The Trump-hate coalition is crumbling. There will be no further serious pursuit of him legally or pseudo-legally and the wheels are coming off the rickety anti-Trump coalition in all four directions. For absolutely no plausible political or humane purpose (other than to admit millions more illegal voters), the administration has opened the southern border while failing to be able to offer one truthful answer to questions about its border policy. The United States is now directly complicit with the Mexican drug and slave gangs in opening up access to the country and is deliberately importing unskilled labor to undermine the standard of living of American lower-income citizens.

The African American militants who were allowed by the Democratic big-city mayors to ransack urban America all summer and were rewarded for their murder, vandalism, and looting with the defamation and defunding of the nation’s urban police forces, are agitating and threatening with redoubled vigor. The rabid Democratic media outlets that made the campaign for the semi-comatose candidate are largely in a state of upheaval. Leading media Trump-haters such as MSNBC president Phil Griffin and CNN head Jeff Zucker have gone or are going, and despite frantic attempts to appease them, many of the great anti-Trump newsrooms are being overrun by belligerent white-hating minorities.
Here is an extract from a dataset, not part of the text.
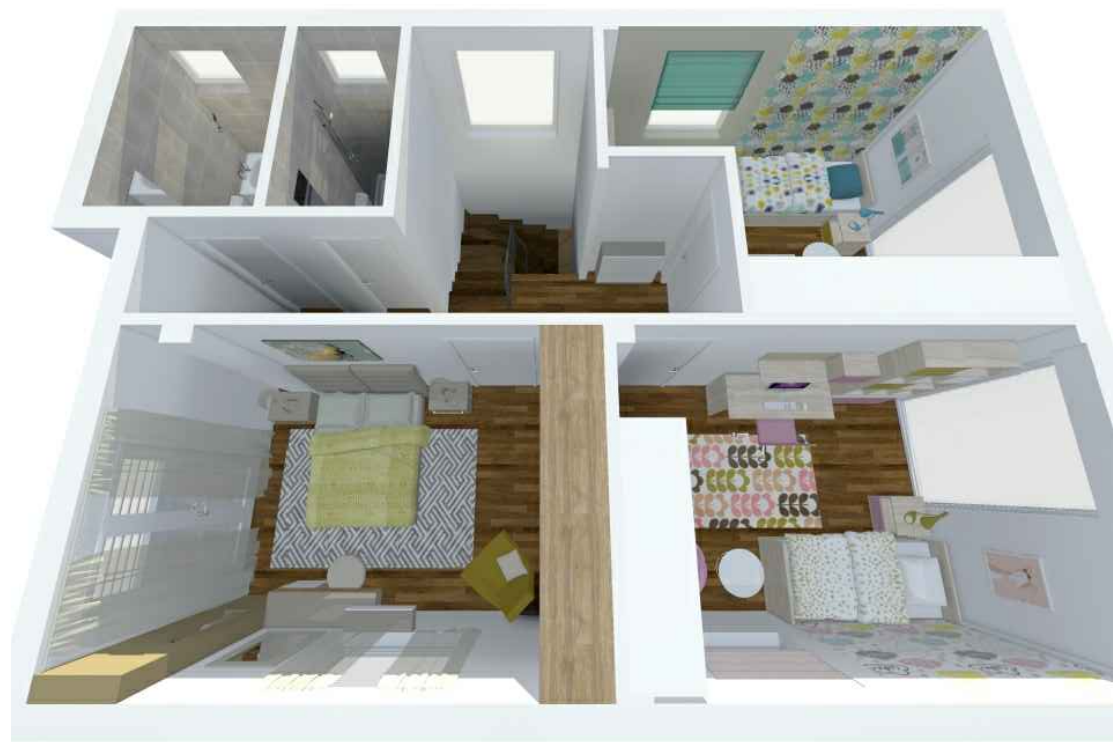
ОСНОВА НА КАТ

They drove Trump from office and then they turned on themselves and they are ruining the country. But as Adam Smith famously said, “There is a lot of ruin in a country,” especially a great country like the United States. Trump was often outrageous but was a good president.

In four years this self-destructive Americaphobic nightmare will be over and a regime led or at least supported by Donald Trump will be back. In a phrase of General de Gaulle’s in the dark days of France, “We are crossing the desert.”